Stored items
↓

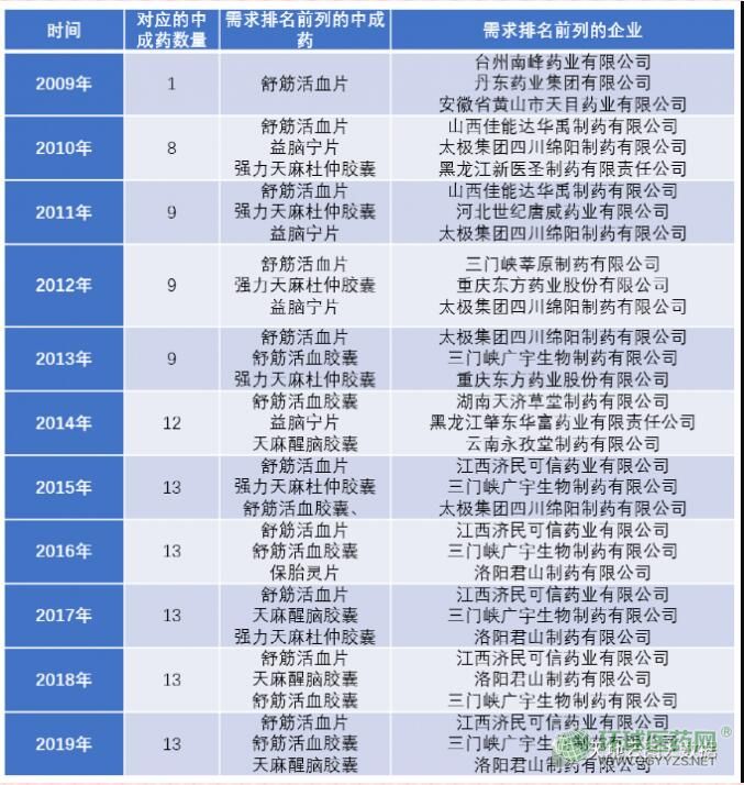 表2:歷年槲寄生需求排名前列的中成藥和生產(chǎn)企業(yè)
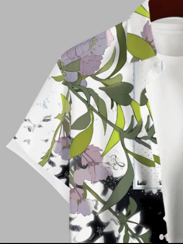 Short Sleeves Shirts > Plus Size Flower Leaf Branch Colorblock Print Hawaii Button Pocket Shirt For Men
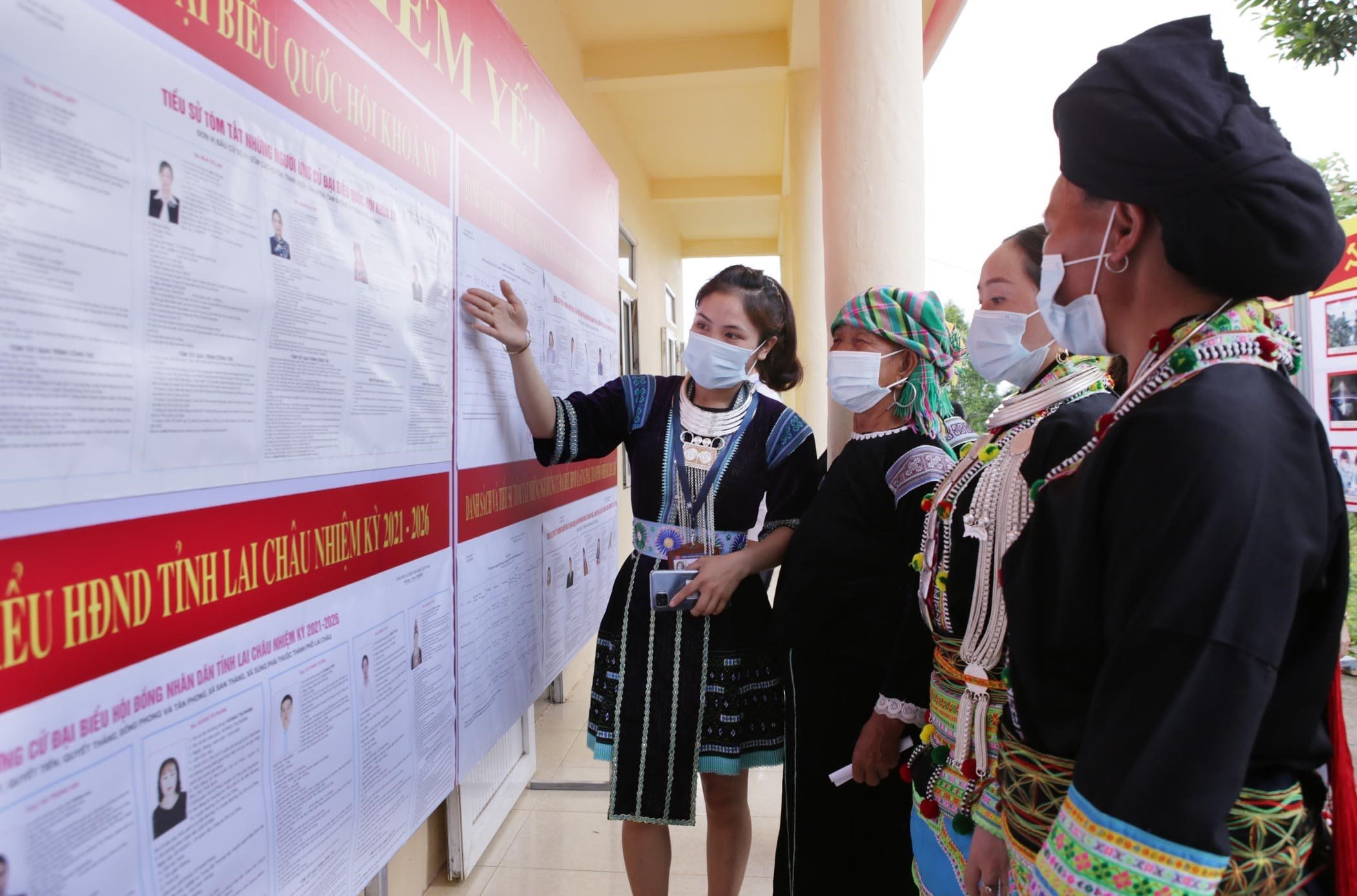Des électeurs de Lai Chau, au Nord du Vietnam, consultent les informations personnelles des candidats à l'Assemblée nationale et aux Conseils populaires de tous niveaux de la XVe législature avant de procéder au vote.
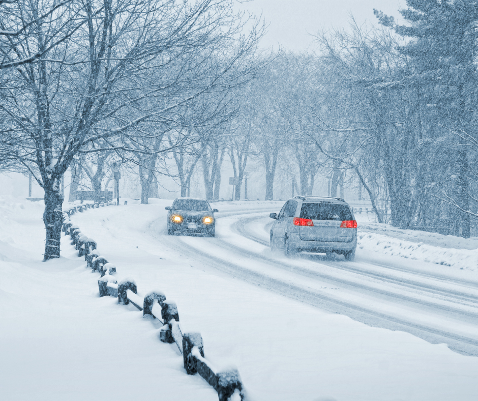 When driving on snow or ice your stopping time increases significantly – make sure you leave plenty of space between your vehicle and the one in front of you to make sure you have enough time to stop if needed.
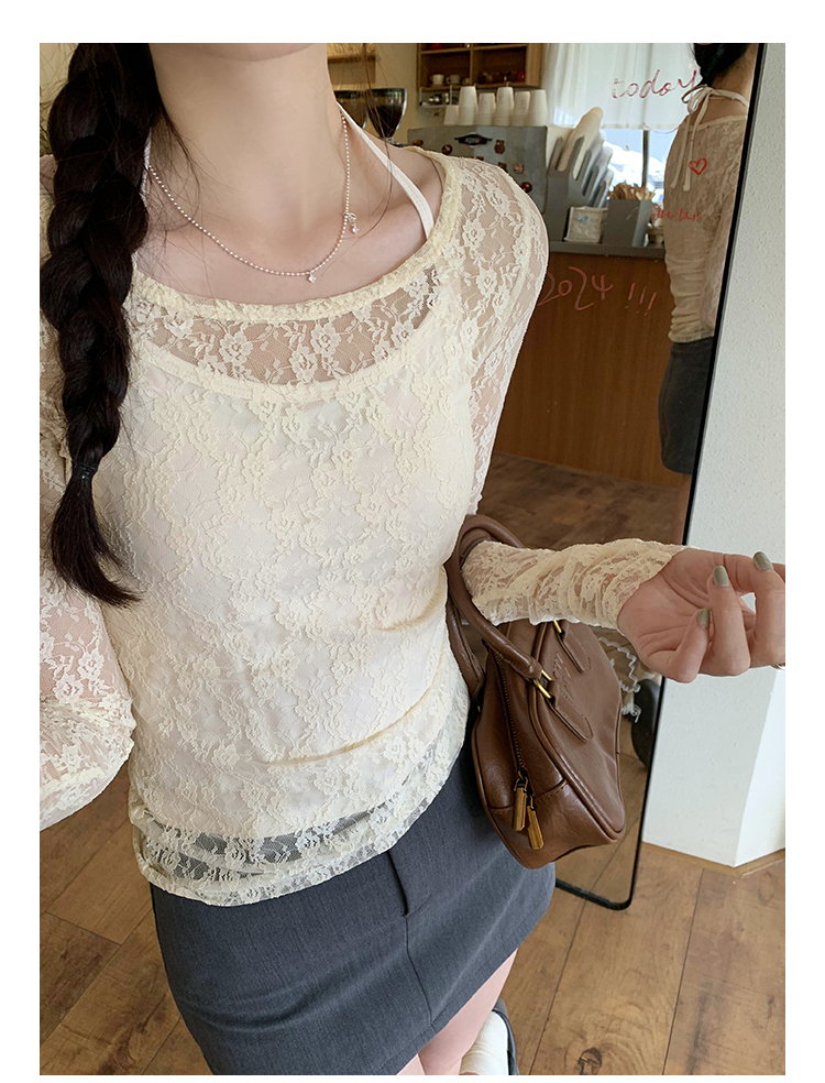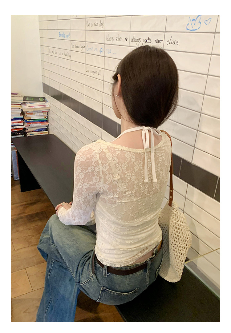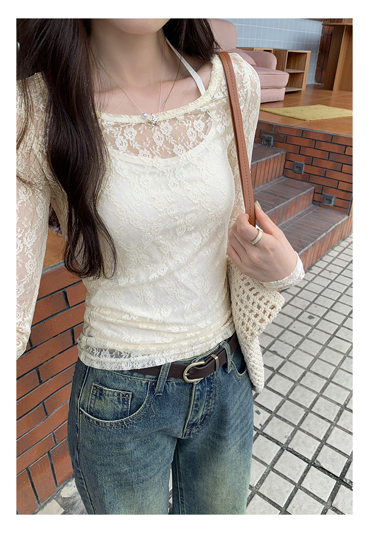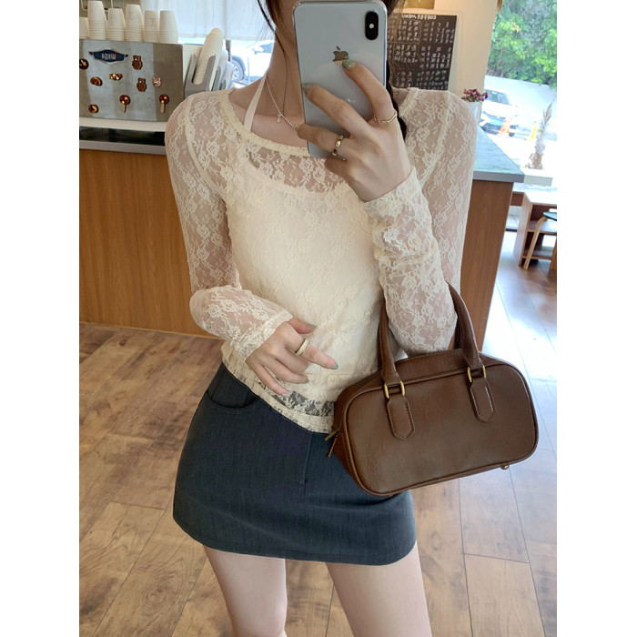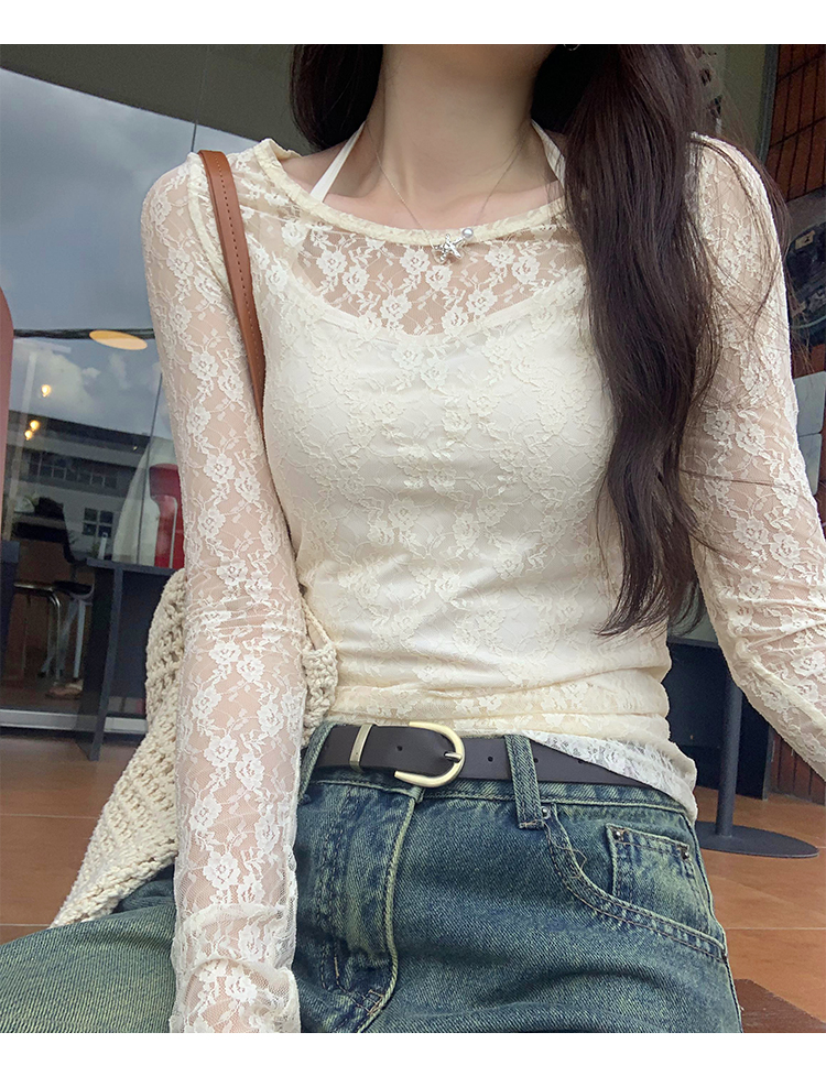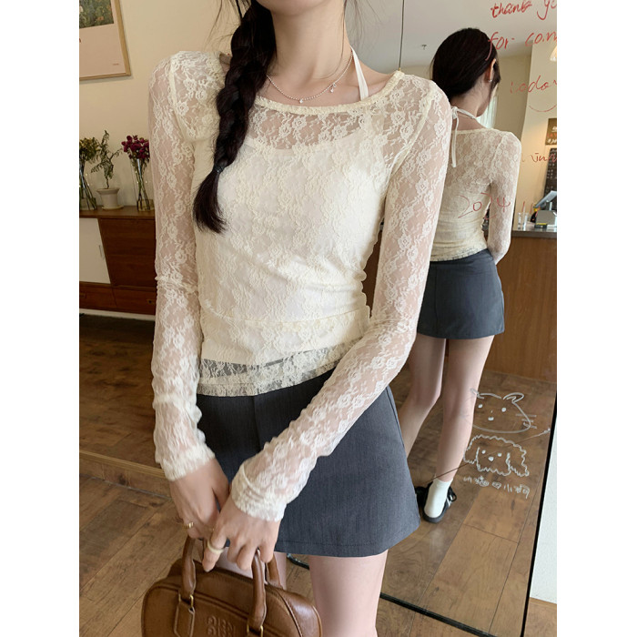 曡穿白色薄款蕾絲打底衫女初秋季內搭掛脖吊帶長袖罩衫上衣兩件套
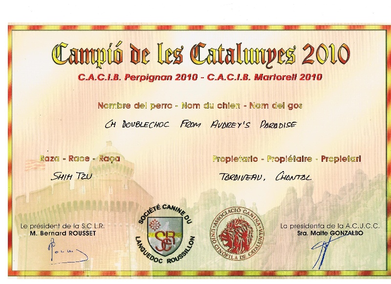 - 1ER EXC.CL.CHAMPION+CACIB+MEILL.DE RACE+MEILL.DE GROUPE+CHAMP.DES 2 CATALOGNES
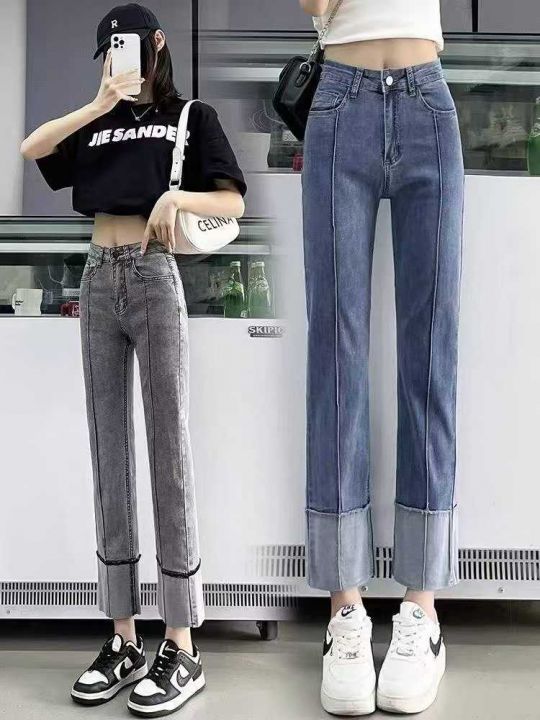 欧货港味高腰显瘦烟管弹力牛仔裤,整款2色,独立包装...
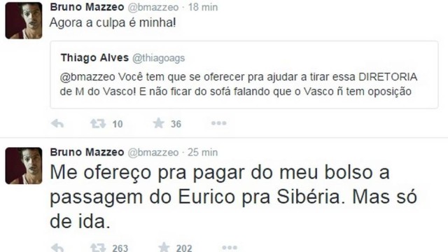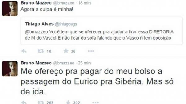 Revoltado com a situação do Vasco no Campeonato Brasileiro, o humorista Bruno Mazzeo, vascaíno declarado, se ofereceu, no Twitter, a pagar a passagem do presidente Eurico Miranda para a Sibéria.

↑

Work item
Without any of the pictures, repeat the entries above word for word.

Reply
 表2:歷年槲寄生需求排名前列的中成藥和生產(chǎn)企業(yè)
 Short Sleeves Shirts > Plus Size Flower Leaf Branch Colorblock Print Hawaii Button Pocket Shirt For Men
Des électeurs de Lai Chau, au Nord du Vietnam, consultent les informations personnelles des candidats à l'Assemblée nationale et aux Conseils populaires de tous niveaux de la XVe législature avant de procéder au vote.
 When driving on snow or ice your stopping time increases significantly – make sure you leave plenty of space between your vehicle and the one in front of you to make sure you have enough time to stop if needed.
 曡穿白色薄款蕾絲打底衫女初秋季內搭掛脖吊帶長袖罩衫上衣兩件套
 - 1ER EXC.CL.CHAMPION+CACIB+MEILL.DE RACE+MEILL.DE GROUPE+CHAMP.DES 2 CATALOGNES
 欧货港味高腰显瘦烟管弹力牛仔裤,整款2色,独立包装...
 Revoltado com a situação do Vasco no Campeonato Brasileiro, o humorista Bruno Mazzeo, vascaíno declarado, se ofereceu, no Twitter, a pagar a passagem do presidente Eurico Miranda para a Sibéria.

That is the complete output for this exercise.